A vast, seamless network of digital devices, inanimate objects, and even living creatures. It sounds almost too futuristic to be true, but since 2008, the number of physical items connected to the internet has exceeded the number of people on Earth. IPv6 provides virtually limitless digital real estate, and even the most mundane items can now be connected to the World Wide Web. The internet of things has already arrived on the commercial scene, and it may soon be popular in classrooms around the world.
Manufacturers and retailers have been using smart objects for years. RFID chips and other tiny trackers streamline inventory management and prevent theft. Near-field communication technology allows consumers to quickly pay for gas, groceries, and other essentials with the swipe of a smart phone. Some companies have even used sensor networks to monitor warehoused products for temperature changes, moisture content, and other damage indicators.
As you can in see in this IBM video, tech companies, contractors, and governments are planning to digitize physical objects on a far larger scale. City-wide “smart grids” would allow for instant updates on traffic, transportation, and weather conditions. In fact, similar systems are already being used to respond to water main breaks and power outages. If this kind of tech becomes commonplace, it could help both city officials and homeowners to drastically improve their energy efficiencies.
Helping Higher Ed
Learning analytics, resource management, research, and more – the educational applications of smart objects are almost endless. The internet of things is still most popular among governments and commercial giants, but universities are rapidly catching up.
Take Northern Arizona University, for instance. In 2010, NAU admins implemented a new student ID system wherein each card contains an RFID chip. Even in large lectures, teachers can track attendance and alter grades accordingly.
NAU’s ID system has received obvious criticisms, but RFID-equipped cards allow for far more than simple attendance tracking. They could make it easier for professors and administrators to collect data on study habits, bookstore purchases, and CMS use. Ultimately, this data could be incorporated into a full-fledged analytics system to customize students’ educations.
Historians and archaeologists can also use smart objects in the same ways as shippers and retailers. Tiny, affordable trackers can be used to catalog massive collections of documents, artifacts, and fossils. Just such a system was recently implemented at New Zealand’s Otago Museum, where over two million items were fitted with RFID tags. Future systems may also incorporate environmental sensors for particularly sensitive pieces.
As for research, there’s never been a better way to study hard-to-reach animals. Spanish biologists recently used a new RFID system to observe marine life in salt water – a medium that tends to disrupt other forms of radio communication. Tags can also help lab researchers to reliably track multitudes of mice and other test subjects.

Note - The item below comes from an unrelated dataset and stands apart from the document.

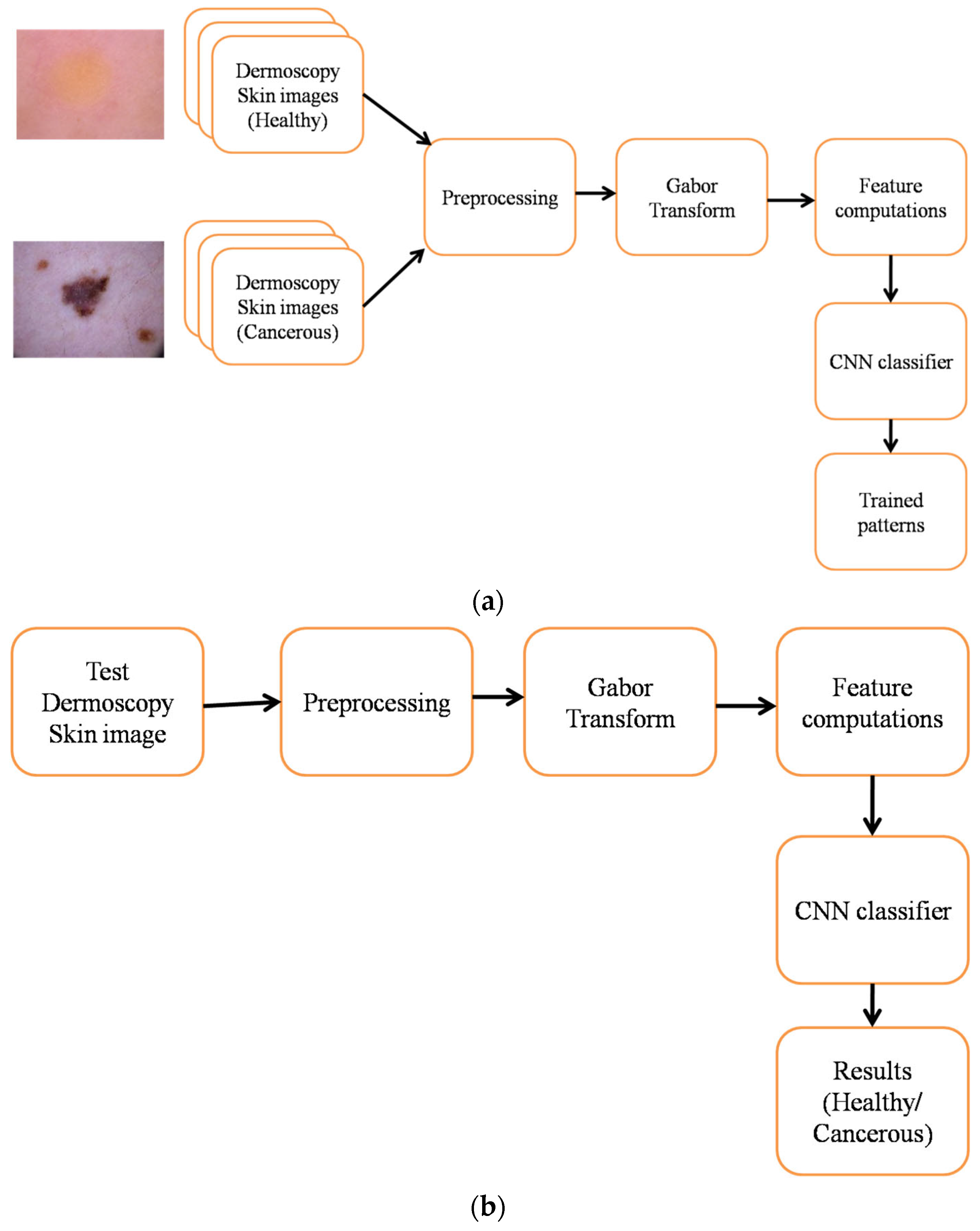 - The proposed methodology estimated extensive feature maps from spatial dermoscopy images, which were then fed into the proposed CNN to produce melanoma classification rates, whereas the conventional CNN was fed only with spatial features.

Now that the internet of things has gained a foothold in higher education, a few universities are spearheading further innovation. Penn State Behrend established its RFID Center in 2005, and smart object tech is now an integral part of its business and engineering curricula. At NYU, students in the Sensitive Buildings Class are creating prototypes for large-scale sensor networks. Their inventions allow apartment managers to monitor temperature, humidity, air quality, and even foot traffic.
Aside from these university-based projects, there are a few tools in the works for designers and hobbyists. Most notable is Arduino, an open-source platform for creating interactive objects. The small circuit board – which users can purchase or build by hand – can be programmed to control almost any lab hardware or home appliance.
Supermechnical has also released Twine, a similar product they describe as “the simplest way to connect stuff to the internet.” A small, inconspicuous box, it allows users to link almost any physical object to a local area network. Even people with zero coding knowledge can receive text and email updates on whatever items or environments the box is sensing. The NMC predicted that smart objects would become ubiquitous in higher education by 2017, and with such user-friendly tech already on the market, even that may turn out to be a conservative estimate.